◆ **What the exercise asks**
Pictures are to be left out, and only the lines from the one with "159914 EL-BERMANI, ALIA." through the last line of the listing below are to be repeated exactly.

◆ **Information supplied**

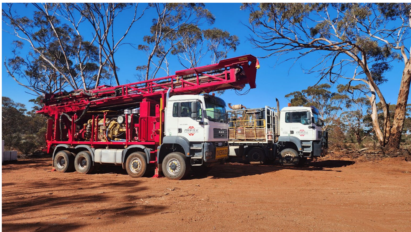
Figure 3. Profile RC rig on site at the Manna Lithium Project.
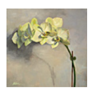
159914 EL-BERMANI, ALIA. White Orchid, 2015 12 x 12 inches | Oil on panel Signed lower left
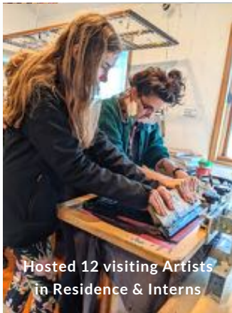
Hosted 12 visiting Artists in Residence & Interns

◆ **Task result**
159914 EL-BERMANI, ALIA. White Orchid, 2015 12 x 12 inches | Oil on panel Signed lower left
Hosted 12 visiting Artists in Residence & Interns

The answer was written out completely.